Merah : la bande sonore était placée sous scellés

Les conditions d’accès à cette pièce étaient drastiques pour les acteurs judiciaires.

Qui a livré à TF1 l’enregistrement de Mohamed Merah, diffusé dimanche soir ? Deux enquêtes, judiciaire et administrative, sont ouvertes pour identifier la source de la chaîne. Toutes deux ont été confiées à l’Inspection générale de la police nationale (IGPN), la « police des polices », comme si les premiers soupçons portaient sur des fonctionnaires non identifiés.

Il est vrai que les sources potentielles sont peu nombreuses. La bande sur laquelle sont conservés les échanges de Mohamed Merah, retranché en mars dernier dans son appartement toulousain, avec les hommes du Raid qui l’assiègent, est soumise à des conditions d’accès drastiques, de manière tout à fait exceptionnelle. Si une retranscription sur papier figure de longue date au dossier, le son originel, qui fait partie des pièces de la procédure, est soumis à un régime spécial. Des experts mandatés par les juges d’instruction ont achevé récemment leurs travaux sur cette bande. Et l’ont renvoyée aux magistrats du pôle antiterroriste parisien, qui œuvrent en co-saisine.

Ceux-ci, en milieu de semaine dernière, ont informé les avocats concernés qu’aucune copie ne serait délivrée, justement pour empêcher la divulgation de cette pièce - placée sous scellés et consultable uniquement au palais de justice de la capitale - auprès du grand public. Une décision qui a fait l’unanimité, tant l’émotion suscitée par les tueries de Mohamed Merah reste vive. La fuite a donc sans doute eu lieu entre jeudi et dimanche, plus vraisemblablement avant le week-end. À noter que des copies ont circulé, pour les besoins de l’enquête, dans différents services de police, tels que la DCRI (renseignement intérieur) et la DCPJ (Direction centrale de la police judiciaire).
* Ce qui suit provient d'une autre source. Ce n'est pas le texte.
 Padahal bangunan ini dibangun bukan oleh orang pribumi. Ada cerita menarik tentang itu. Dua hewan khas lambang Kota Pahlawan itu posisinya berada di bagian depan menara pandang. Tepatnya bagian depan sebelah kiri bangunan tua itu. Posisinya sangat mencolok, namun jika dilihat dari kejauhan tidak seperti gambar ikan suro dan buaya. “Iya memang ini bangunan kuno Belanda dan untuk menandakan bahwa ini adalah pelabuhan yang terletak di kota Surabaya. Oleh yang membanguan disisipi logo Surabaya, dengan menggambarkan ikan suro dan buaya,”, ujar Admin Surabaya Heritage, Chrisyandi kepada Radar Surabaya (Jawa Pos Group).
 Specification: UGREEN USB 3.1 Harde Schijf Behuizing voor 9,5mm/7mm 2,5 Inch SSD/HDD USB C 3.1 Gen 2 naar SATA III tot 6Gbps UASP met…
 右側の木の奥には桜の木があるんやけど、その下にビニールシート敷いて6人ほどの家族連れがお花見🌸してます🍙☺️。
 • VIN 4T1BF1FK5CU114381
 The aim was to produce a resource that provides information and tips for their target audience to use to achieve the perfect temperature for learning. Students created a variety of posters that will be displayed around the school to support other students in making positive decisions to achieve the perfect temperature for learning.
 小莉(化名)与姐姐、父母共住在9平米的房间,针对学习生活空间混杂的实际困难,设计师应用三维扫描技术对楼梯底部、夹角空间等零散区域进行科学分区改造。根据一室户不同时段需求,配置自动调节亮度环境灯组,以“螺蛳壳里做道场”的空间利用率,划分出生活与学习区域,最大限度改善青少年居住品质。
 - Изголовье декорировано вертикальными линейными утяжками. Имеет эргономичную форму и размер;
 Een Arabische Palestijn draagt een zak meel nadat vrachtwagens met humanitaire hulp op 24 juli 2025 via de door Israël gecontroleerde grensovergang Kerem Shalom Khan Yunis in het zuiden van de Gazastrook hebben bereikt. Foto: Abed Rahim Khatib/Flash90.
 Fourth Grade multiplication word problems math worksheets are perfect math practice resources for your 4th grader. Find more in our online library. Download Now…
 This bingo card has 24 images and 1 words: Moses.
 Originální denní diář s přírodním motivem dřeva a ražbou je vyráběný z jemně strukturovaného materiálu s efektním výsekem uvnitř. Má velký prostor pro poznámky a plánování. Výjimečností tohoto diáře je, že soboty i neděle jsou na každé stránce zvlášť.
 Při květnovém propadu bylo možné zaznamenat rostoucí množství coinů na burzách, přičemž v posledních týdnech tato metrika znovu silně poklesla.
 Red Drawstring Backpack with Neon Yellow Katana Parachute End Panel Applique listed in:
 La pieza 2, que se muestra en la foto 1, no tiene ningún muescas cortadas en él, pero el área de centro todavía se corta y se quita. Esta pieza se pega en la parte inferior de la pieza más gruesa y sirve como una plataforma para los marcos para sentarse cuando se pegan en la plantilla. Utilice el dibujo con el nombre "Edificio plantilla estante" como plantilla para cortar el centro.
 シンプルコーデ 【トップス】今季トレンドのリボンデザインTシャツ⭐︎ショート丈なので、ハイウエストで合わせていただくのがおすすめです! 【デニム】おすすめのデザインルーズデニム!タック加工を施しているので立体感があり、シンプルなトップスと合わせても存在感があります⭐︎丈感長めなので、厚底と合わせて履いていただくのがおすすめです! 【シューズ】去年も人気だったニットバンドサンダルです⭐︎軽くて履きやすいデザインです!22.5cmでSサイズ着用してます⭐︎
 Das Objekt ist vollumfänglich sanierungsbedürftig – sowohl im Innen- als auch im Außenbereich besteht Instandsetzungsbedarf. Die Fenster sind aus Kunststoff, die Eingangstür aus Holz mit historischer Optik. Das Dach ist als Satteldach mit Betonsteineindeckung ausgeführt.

Les parties civiles se sont immédiatement indignées de la diffusion de larges extraits audio par TF1, à l’instar de Me Patrick Klugman, conseil des familles des quatre victimes de l’école juive Ozar Hatorah, à Toulouse : « La parole de Mohamed Merah n’est rien d’autre que de la propagande. Il commente ses crimes, en fait l’apologie, professe son théorème salafiste et ment pour protéger on ne sait qui », commente Me Klugman.

Le CSA choqué

Indignation, aussi, d’avoir été mises devant le fait accompli : « TF1 aurait pu prendre la peine de nous prévenir et de présenter le document autrement, avec, par exemple, un grand témoin sur le plateau pour équilibrer l’émission », tempête Me Simon Cohen, l’un des pénalistes les plus renommés de Toulouse.

La direction de la chaîne met en avant le droit et la liberté d’informer (lire l’encadré), soutenue en cela par la Société des journalistes. Mais le Conseil supérieur de l’audiovisuel (CSA) s’est dit « choqué », et la famille de l’une des victimes de Mohamed Merah entend faire diligenter des poursuites à l’égard de la chaîne, notamment pour « recel de violation du secret de l’instruction ». Une procédure dont l’issue, de l’avis de plusieurs juristes, serait des plus aléatoires : « Ça se termine toujours en quenouille », soupire l’un d’eux, fataliste. « La liberté d’informer n’est pas en cause mais elle n’exonère pas de la réflexion sur l’opportunité de diffuser ce document audio, à ce moment, de cette manière », a déclaré de son côté le sénateur Assouline lors du point presse hebdomadaire du PS. Qui avait intérêt à rendre public le dialogue entre l’assassin de Toulouse et ceux qui allaient le tuer en tentant de l’interpeller ? L’avocate algérienne du père de Mohamed Merah croit pouvoir dénoncer « une pièce de théâtre pour orienter l’opinion publique » alors qu’elle est censée produire, le 12 juillet, des preuves supposées de l’« assassinat » programmé du tueur antisémite, sous la forme de mystérieuses vidéos que personne d’autre qu’elle, jusqu’à présent, ne semble avoir visionnées.